Now, with First Snow of Summer, we come full circle—or perhaps more accurately, we arrive at a new threshold. Coble’s play opens as a wildfire rages on the forested Colorado horizon, threatening the childhood home of a family drawn back together briefly gathering before a carpool to the wedding of their eldest brother. To say much more would rob audiences of the delicate revelations the play offers. But suffice it to say: its sold-out opening is testament to the resonance of its themes and lauded expectations for such a talented and caring production team. For those still hoping to catch it, get those tickets quick—performances continue for three weekends only.

What has proven most instructive about this season is its insistence on slowing down and asking us to navigate the aftermath where there isn’t a clear narrative arc ahead of us—those messy, nonlinear spaces of uncertainty. These spaces often go unexamined in our cultural narratives. We prefer clarity, structure, and resolution. Yet life seldom offers such neat arcs. Whether it’s the loss of a job, the dissolution of a relationship, the end of formal education, the death of a loved one, or simply the destabilizing effects of shifting political and social landscapes, many of us find ourselves in the wilderness between identities. These transitional periods can feel directionless, humiliating, clumsy, and even ugly. And yet, they are the crucibles in which we discover who we truly are.

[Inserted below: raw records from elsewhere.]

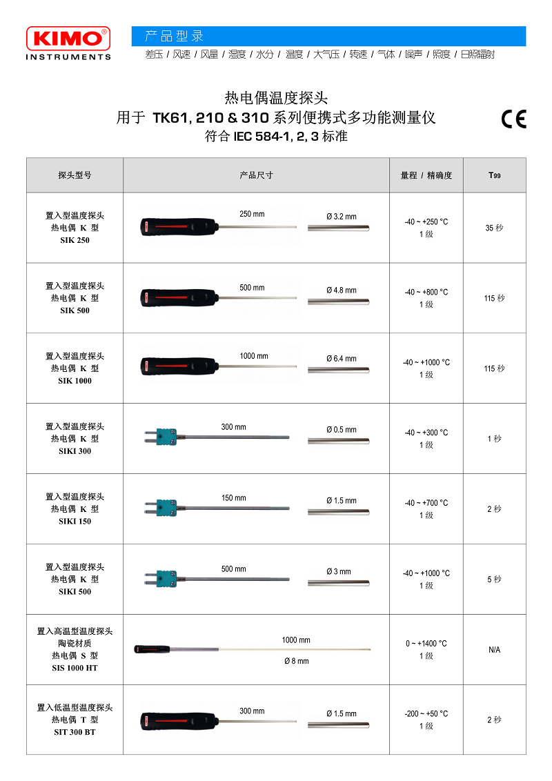 法國(guó)凱茂溫度探頭選型:K型熱電偶,鉑電阻,表面溫度探頭,置入溫度探頭等等
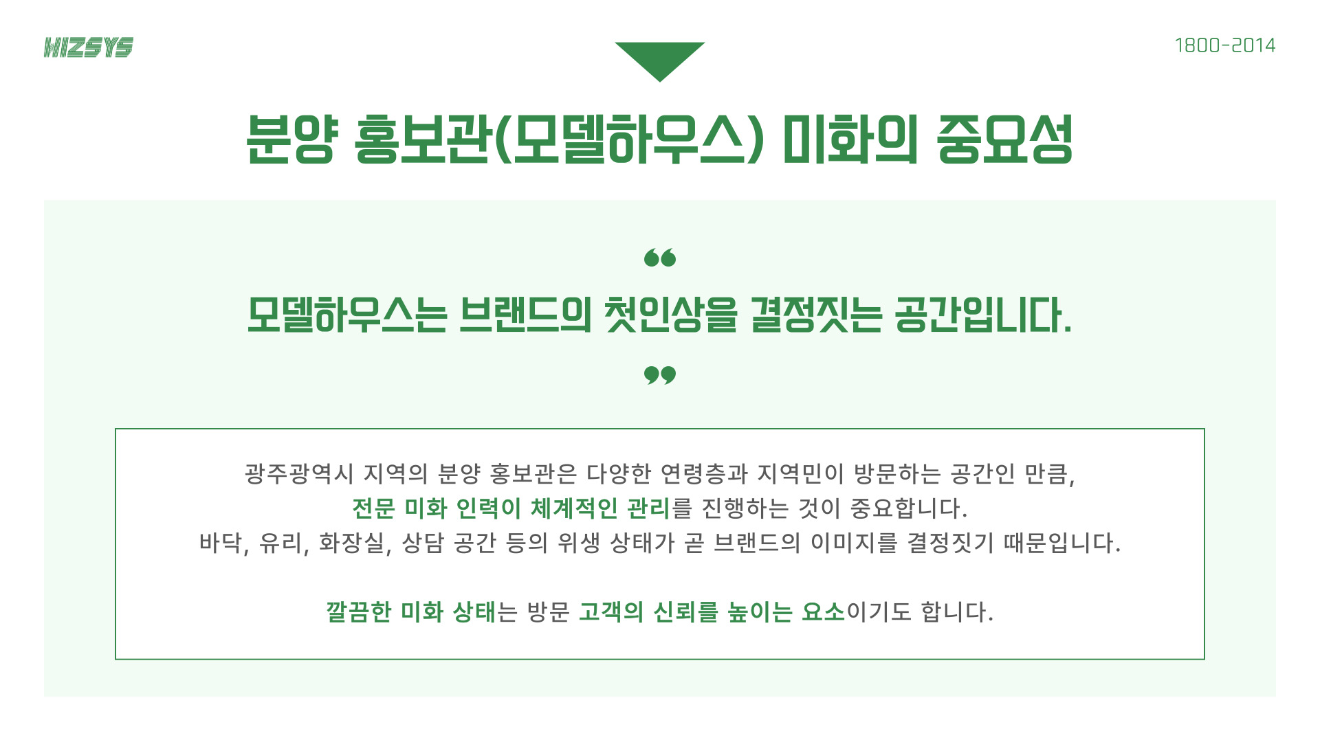 광주광역시 지역에서 분양 홍보관(모델하우스) 미화 서비스를 찾고 계신가요?
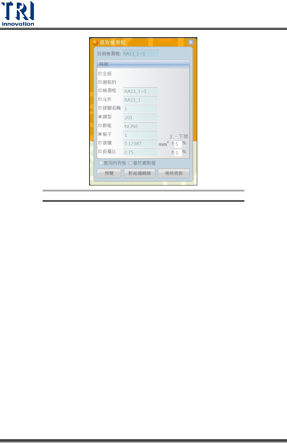 時,預覽符合這兩項特徵項目的檢測框為板子 1 所有符合類型 201 的檢測框,而只勾
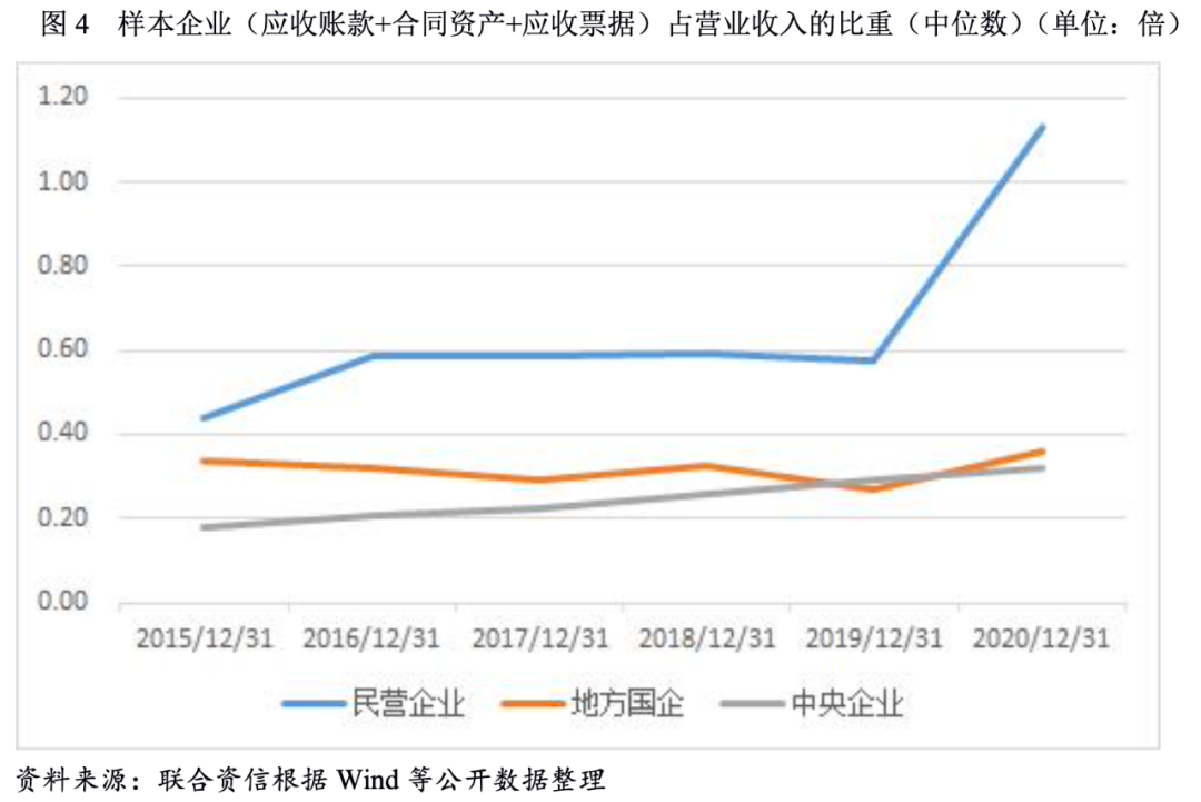 我們以“(應(yīng)收賬款+合同資產(chǎn)+應(yīng)收票據(jù))/營業(yè)收入”(中位數(shù))指標(biāo)來衡量下游業(yè)主對建筑施工企業(yè)的占款情況。2015年以來,建筑施工企業(yè)該指標(biāo)整體呈上升趨勢。其中:中央企業(yè)和地方國企該指標(biāo)增長趨勢較為平緩;民營企業(yè)由于話語權(quán)最弱,該指標(biāo)最高且2020年增幅顯著,或受房地產(chǎn)企業(yè)流動性趨緊影響最大。
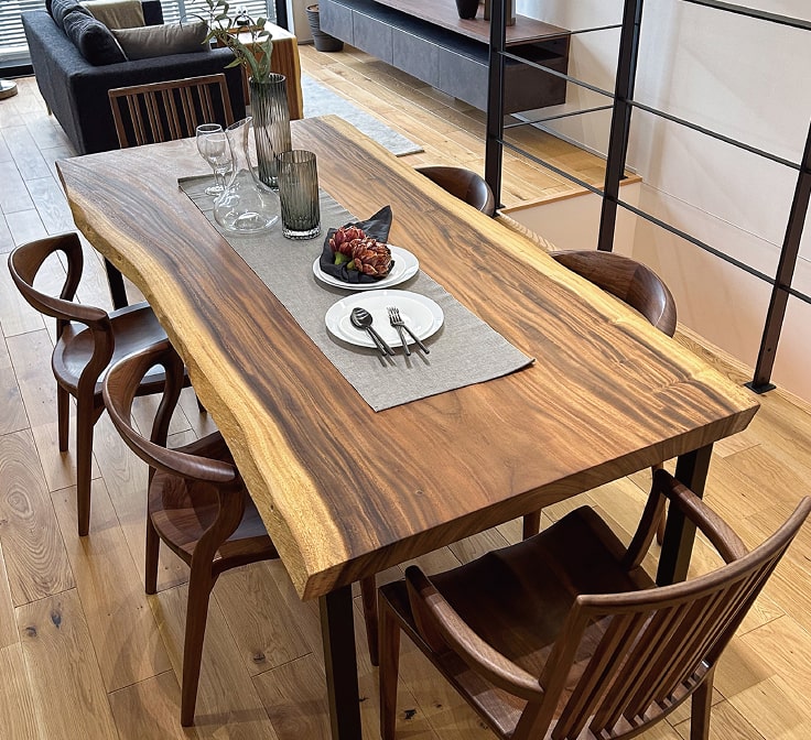 豊富な樹種から、内装材の色・質感・素材と最も相性のいい木材を使って、ダイニングテーブルをオーダーメイドできます。
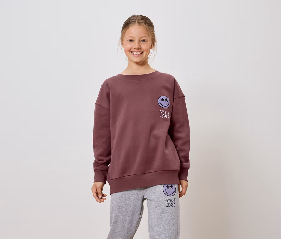 - Jagodowa z fioletowo-białą aplikacją Smiley z przodu, wielokolorowe nadruki Smiley z tyłu
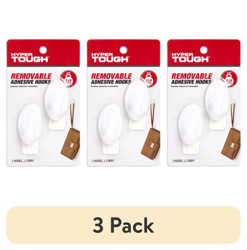 Hyper Tough medium size removable adhesive plastic hooks are the affordable and damage-free hanging option that provides excellent holding power anywhere an extra hook is needed. Great for posters, pictures with wired backs, kitchen utensils, or even jewelry. Can hold weight up to 2 pounds. These hooks are useful at home or in the classroom, and the adhesive strips secure the them to almost any surface. Hooks can be removed with ease. This value package includes 2 hooks and 2 adhesive strips.
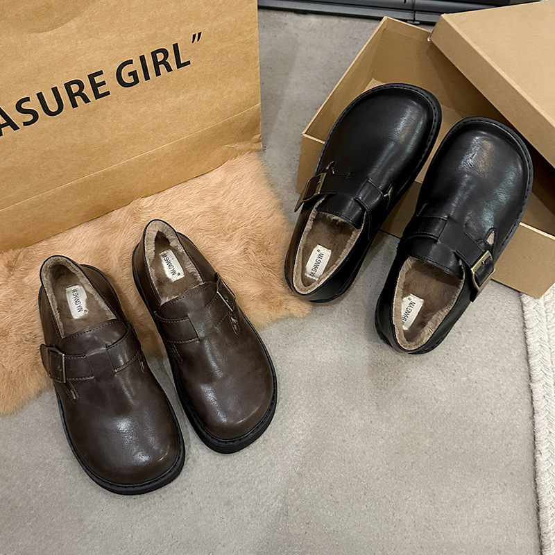 レトロな全包ストラップの厚い底のベーケンの靴の女性の2024の新型の秋冬の高くなるベルベットの毛の滑り止めの綿の靴

These are the moments in which character is forged—not in times of triumph, but in the absence of external validation, when the structures that once supported us vanish and we are left to navigate the wreckage. First Snow of Summer captures one such moment with grace, fairness, and unflinching honesty. It is a play that dares to be both beautiful and hurtful, poetic and grounded, miraculous and devastating.

The collaborative stewardship of this story—by actors, designers, stage managers, the director, and playwright—has resulted in a contemplative, resonant piece of theatre. It is not just a season closer, but a mirror held up to our own in-between moments. In embracing the ambiguity of the “after,” Omega & Alpha has offered us more than theatre; it has given us tools for reflection and, perhaps, transformation.

As the curtain falls on this extraordinary season, we are left not with finality, but with possibility. And sometimes, that is the most powerful ending of all.